Data below:
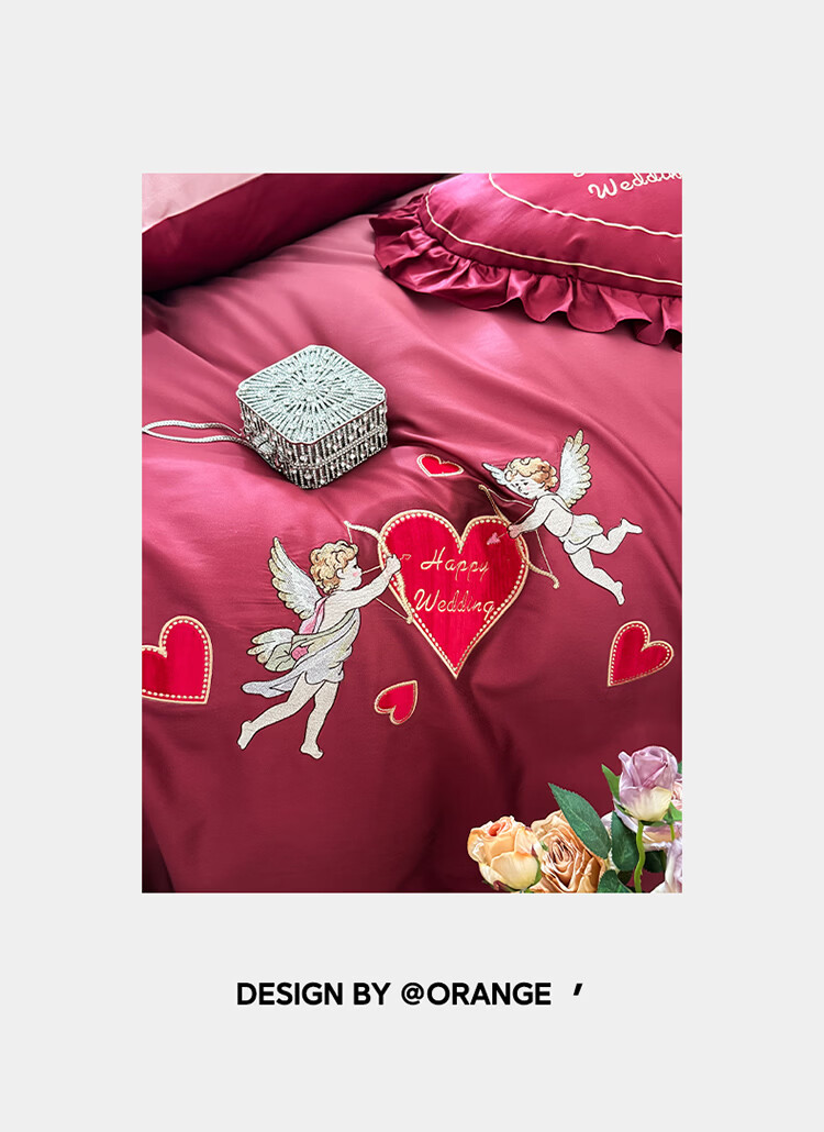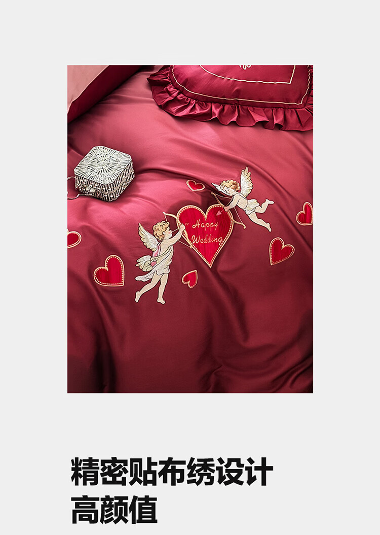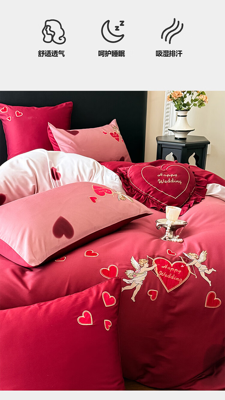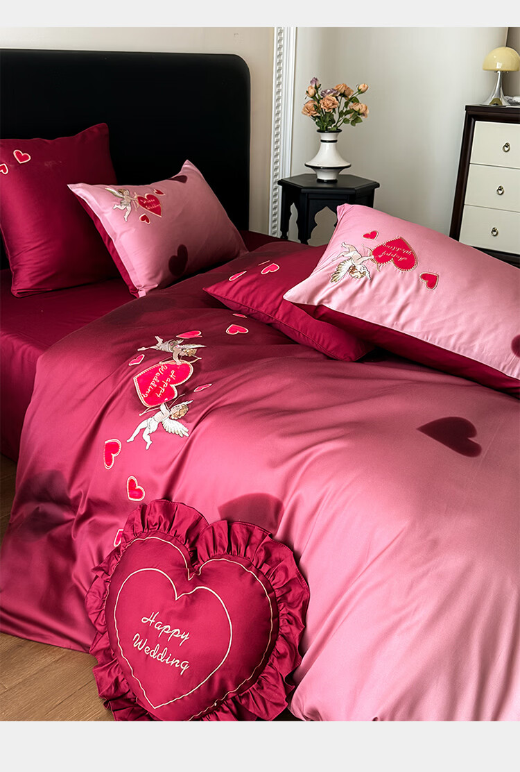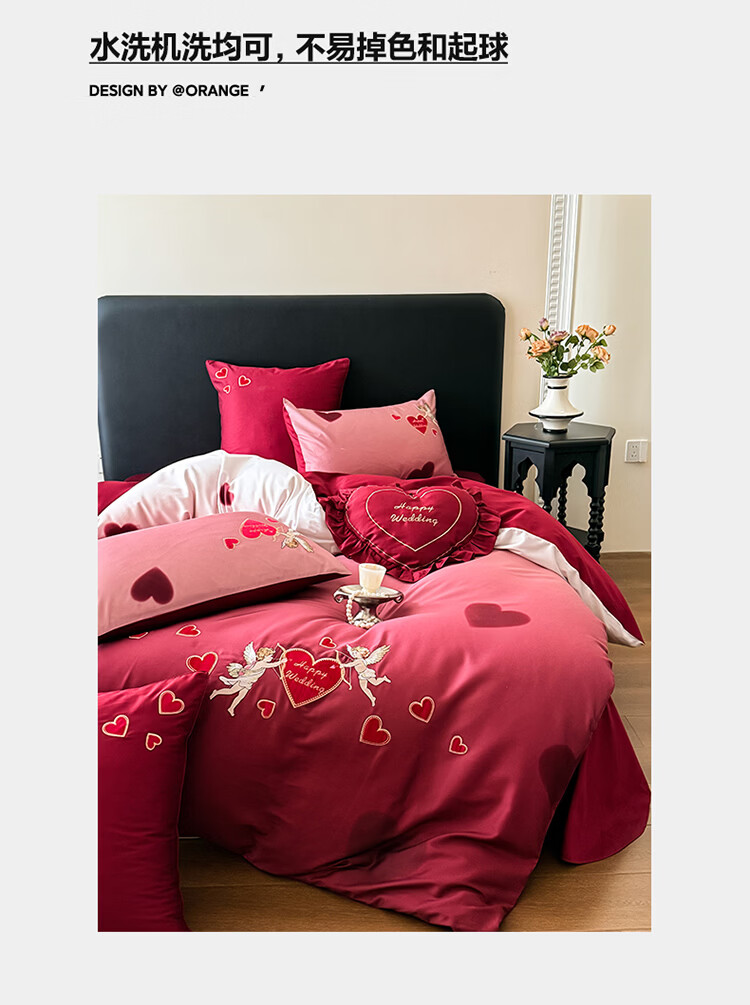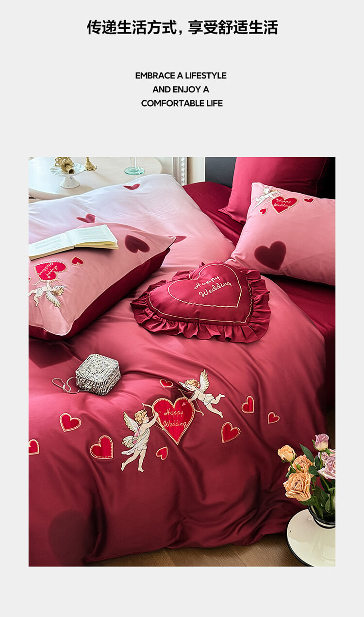 ROLAND LIVE高级感长绒棉婚庆四件套红色喜庆结婚全棉被套床单床上用品 WL长绒棉婚庆四件套-爱心天使红 1.5-1.8米床 |【被套200*230cm】
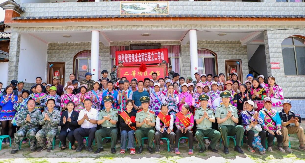鑼鼓喧天,鞭炮齊鳴。近日,云南省楚雄彝族自治州大姚縣桂花鎮(zhèn)大河村張燈結(jié)彩、熱鬧非凡,武警云南總隊昭通支隊派出送喜報小分隊輾轉(zhuǎn)600余公里來到這里,聯(lián)合當(dāng)?shù)厝宋洳亢屯艘圮娙耸聞?wù)局,為榮立個人二等功的現(xiàn)役軍人鄒永金的家屬送去喜報、牌匾和慰問金。
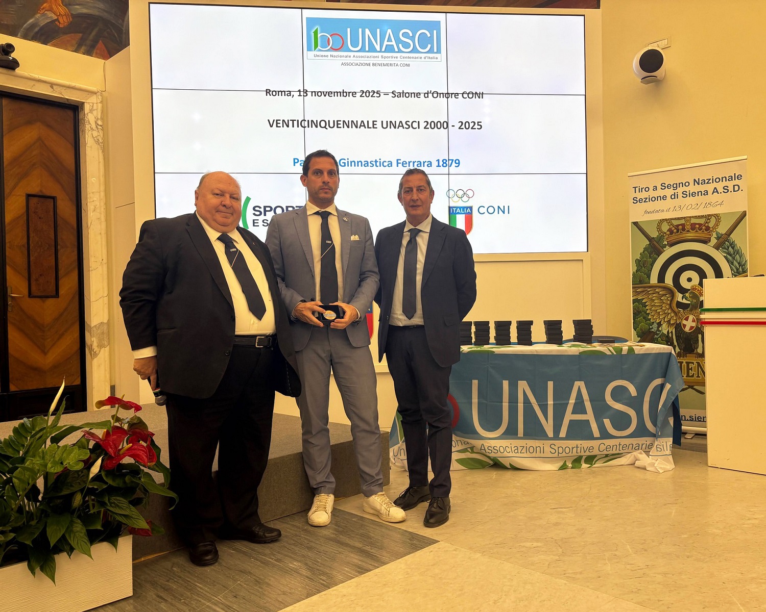 Tra le società storiche dell’UNASCI, anche Palestra Ginnastica Ferrara, che vanta quasi 150 anni di storia essendo stata fondata nel 1879, rappresentata dal Consigliere Mirko Rimessi, che ha ritirato il riconoscimento dal Presidente UNASCI Bruno Gozzelino e dal membro di Giunta CONI Francesco Ettorre, Presidente Nazionale di FederVela.

Assigned task: What is needed is an exact repetition of every line from the line with "鑼鼓喧天,鞭炮齊鳴。近日,云" to the end of the data above, both ends included, with no pictures.

Solution to this problem:
鑼鼓喧天,鞭炮齊鳴。近日,云南省楚雄彝族自治州大姚縣桂花鎮(zhèn)大河村張燈結(jié)彩、熱鬧非凡,武警云南總隊昭通支隊派出送喜報小分隊輾轉(zhuǎn)600余公里來到這里,聯(lián)合當(dāng)?shù)厝宋洳亢屯艘圮娙耸聞?wù)局,為榮立個人二等功的現(xiàn)役軍人鄒永金的家屬送去喜報、牌匾和慰問金。
 Tra le società storiche dell’UNASCI, anche Palestra Ginnastica Ferrara, che vanta quasi 150 anni di storia essendo stata fondata nel 1879, rappresentata dal Consigliere Mirko Rimessi, che ha ritirato il riconoscimento dal Presidente UNASCI Bruno Gozzelino e dal membro di Giunta CONI Francesco Ettorre, Presidente Nazionale di FederVela.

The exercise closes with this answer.